Paul Tabafunda 'farmed' a family

Paul Tabafunda came to the United States to make a life as a farmer, but in the end his most beloved, enduring crop was his family: nine children whom he kept close to their Bainbridge Island home with get-togethers built around Filipino favorites like chicken adobo.

"He'd call everybody over to eat," son Gene Tabafunda says. "It made him happy."

Mr. Tabafunda died Jan. 16 in Deming, Whatcom County, where he'd received care in his later years. He was 90.

Mr. Tabafunda and his wife of 60 years, Virginia, had three sons and six daughters, who remember their father as both hardworking and easygoing, a generous person who rarely got angry with anyone.

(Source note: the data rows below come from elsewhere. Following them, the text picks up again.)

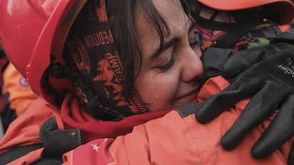 करीब 96 घंटे बाद तुर्की के हटे में गिरी इमारत के मलबे से जब इस महिला को जिंदा बाहर निकाला गया, तो वो रेसक्यू टीम से चिपकर रो पड़ी। (AA फोटो)
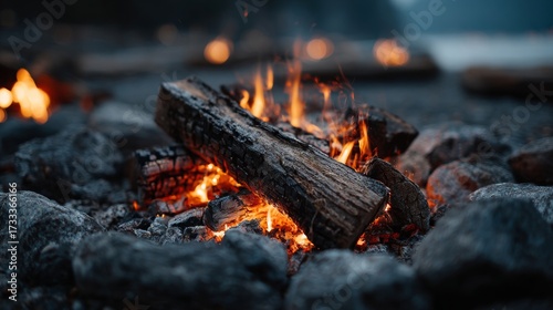 Campfire with burning logs surrounded by rocks
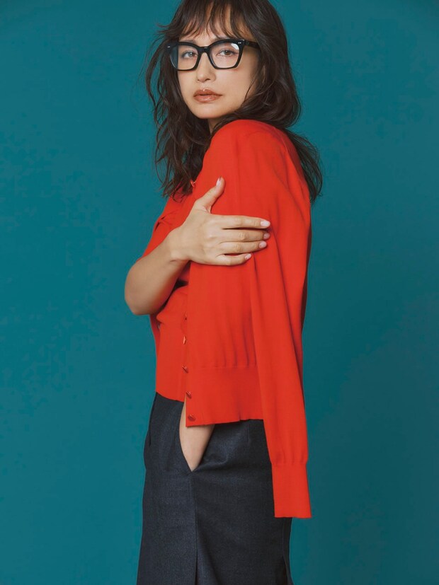 Vネック半袖ニット¥24,200、カーディガン¥26,400(共にエストネーション)、スカート¥42,900(セオリー/リンク・セオリー・ジャパン)、眼鏡¥54,780(オリバーピープルズ/ルックスオティカジャパン カスタマーサービス)
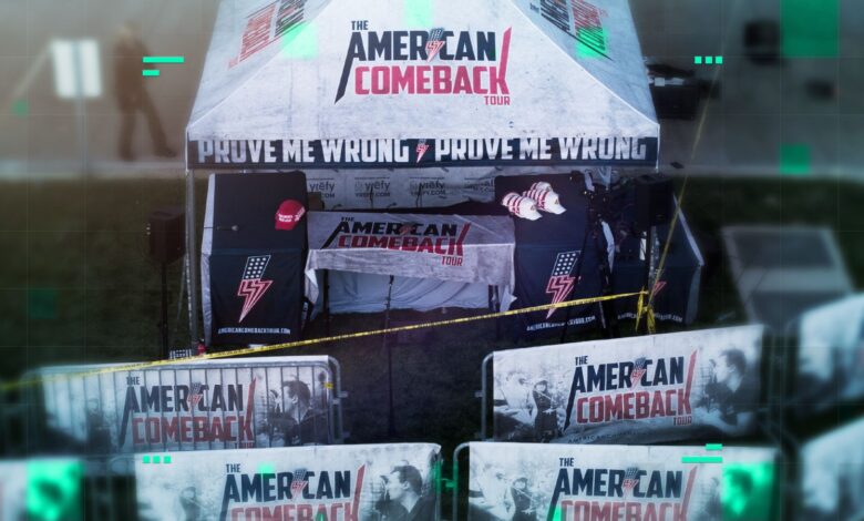 Analýza videí z události ukazuje, že nejméně čtyři muži, kteří se zdají být Kirkovým bezpečnostním týmem, obklopují jeviště.
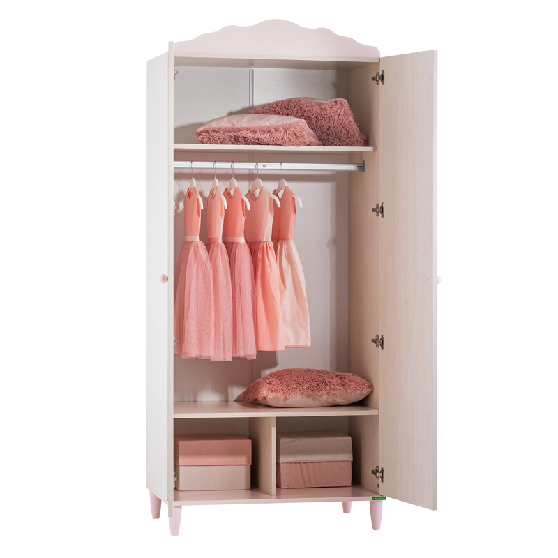 гардероб е елегантно и практично решение за подредено и стилно детско пространство. му размер го прави подходящ както за по-малки стаи, така и като допълнение към по-голямо обзавеждане от същата серия. предлага широко място за закачалки със сензорно LED осветление, регулируеми рафтове с товароносимост до 25 кг и врати със спирачка за плавно и безшумно затваряне. ABS дръжките са удобни и издръжливи, а високите ABS крачета (12 см) позволяват почистване с робот прахосмукачка. е от 18 мм сертифицирано за безопасност – идеален избор за детска среда. информация за размерите и характеристиките на модела ще намерите в таблицата в таб/поле информация’.
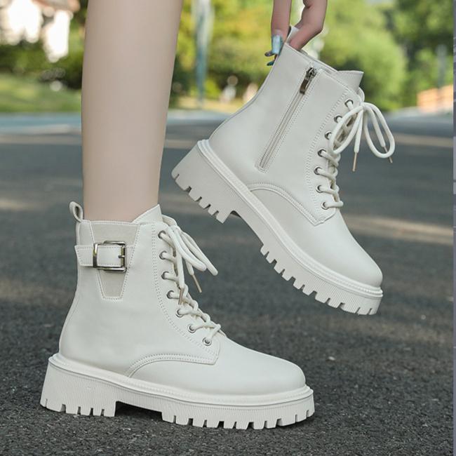 Female British Style Motorcycle Thick Soled Spring and Autumn Thin Single Boots Winter Sweet Cool Short Boots
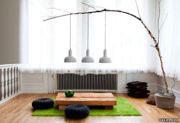 Для трех подвесных светильников, в виде опоры взята ветка березы, предварительно зацементированая в своеобразную форму для устойчивости.Остальными элементами декора "зоны отдыха" является
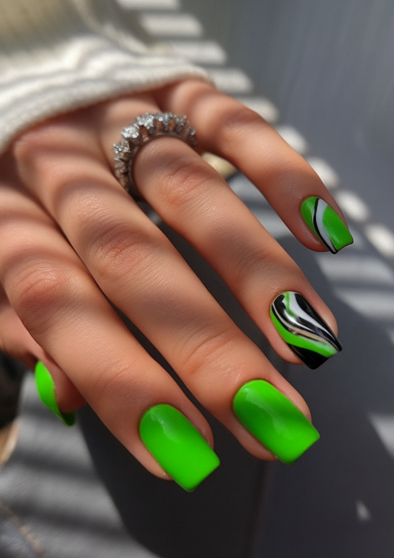 A striking 2025 green manicure featuring glossy neon nails paired with bold black and white abstract swirls. The short, square shape keeps it modern, while the dnd-style line work adds a dynamic touch. The gel polish creates a sleek, polished effect, making it a popular choice for March nails color ideas 2025. This look is perfect for those who love bold, high-contrast ideas 2025.
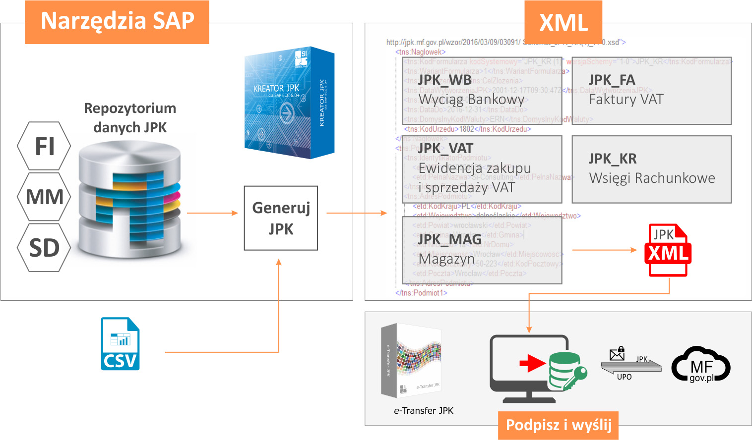 Proces przygotowania plików JPK polega na pobraniu danych bezpośrednio ze źródeł w systemie ERP lub z systemów zewnętrznych – poprzez pliki CSV. Następnie, na podstawie zebranych danych, generowane są pliki XML. W kolejnym kroku, dzięki modułowi e-Transfer, możliwe jest szybkie i bezpieczne przekazanie danych do organów podatkowych. Całość obsługiwana jest poprzez intuicyjny Kokpit e-kontroli, pozwalający na wygodne grupowanie i zarządzanie zadaniami zbierania danych, tworzenia plików JPK oraz kontroli statusów i postępu.
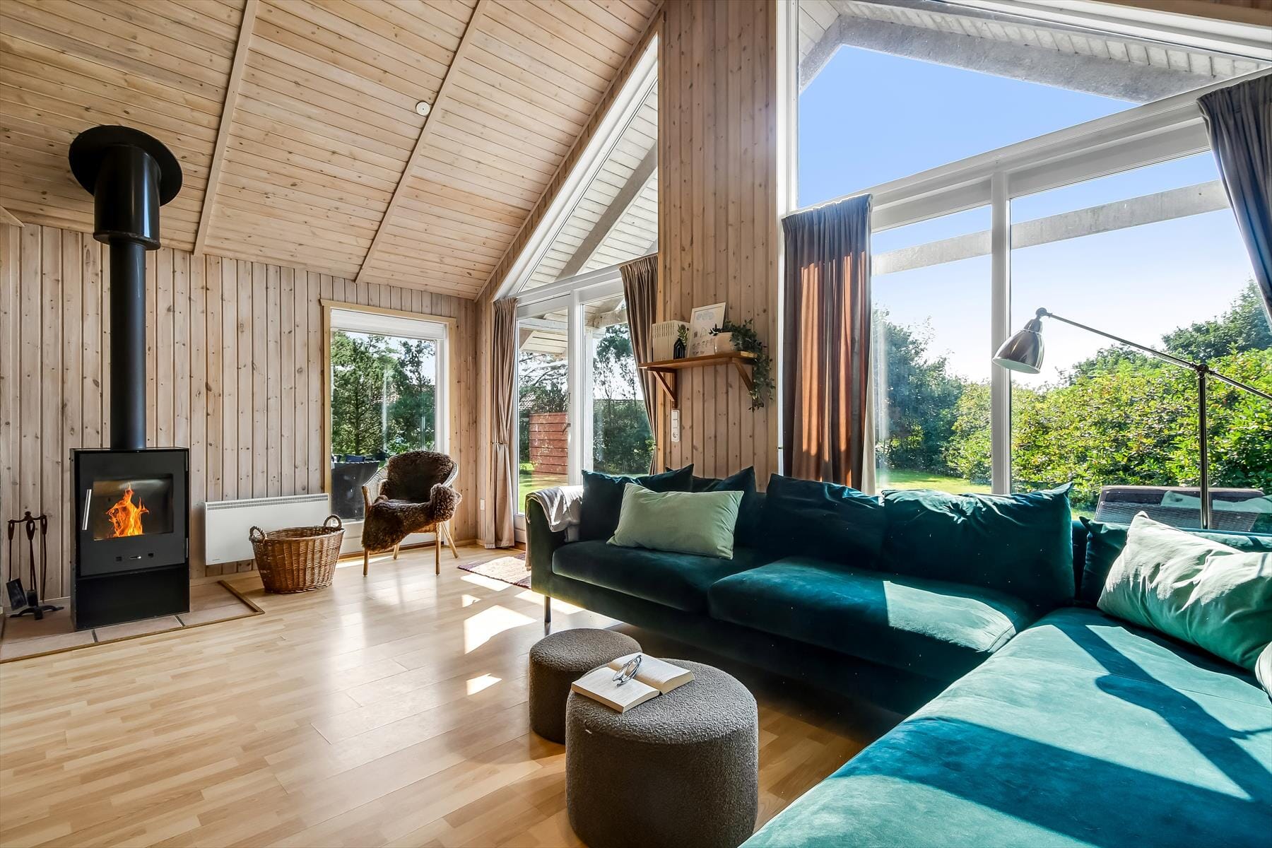 Stugor i Hemmet, Västjylland, med plats för 6 vuxna och 2 husdjur. Trevlig inredning med bl.a. brasa, och det finns dessutom tvättmaskin och diskmaskin i bostaden.
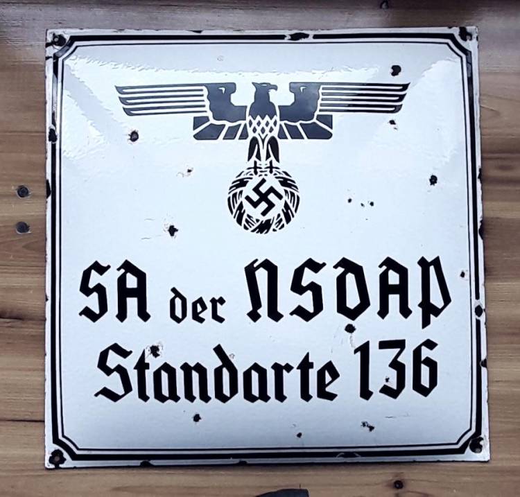 SA TARGA in Ferro Smaltato ‘SA der NSDAP Standarte 136’.
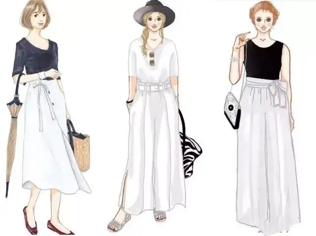 18、夏天很适合经典的黑白配,黑白永远都不会过时,如果我们不知道该怎么穿怎么配色时,那就选择最简单的黑白颜色吧,一定不会出错的。黑色棉T搭配白色半身裙,简约优雅,无论是上班还是约会,这样穿都很吸引眼球。

Nine kids were a lot to keep track of, but daughter Marcie Tabafunda of Bainbridge Island remembers piling into the family station wagon for Sunday church services, where they took up two pews.

"That was the backbone of keeping us together," she says.

Four of them still live on a stretch of Bainbridge family land, within a football field's length of each other. These days it's Gene Tabafunda's house that has become the place where they carry on their father's open-door policy.

"He left that with all of us," Gene Tabafunda says. "That's Filipino culture — to bring the family together and have a good time. You never turn somebody away."

Even as Mr. Tabafunda took other jobs as a welder and cannery worker, he taught his kids to live off the land. When times were tough they dug clams or went crabbing, but farming was foremost.

The kids worked alongside their father, picking berries and learning his tricks, but some they didn't catch on to until later — for instance, all the times Mr. Tabafunda had them climb aboard his tractor to provide the extra weight needed to plow stubborn fields.

But as the kids got older and found their own callings, the farm paid the price. When Mr. Tabafunda suffered a stroke at age 80, he finally had to let the work go.

Son Gene Tabafunda tried to take over after that but found the work too difficult to manage with his own job as a crane operator.

"I've always known it to be hard, but I don't know how he did it," he says. "Even his compadres who immigrated here with him all had big 10-acre fields, and they did it on their own. You've got to have the time and the dedication. They had it in their hearts."

And Mr. Tabafunda pulled it off while working the swing shift as a shipyard welder.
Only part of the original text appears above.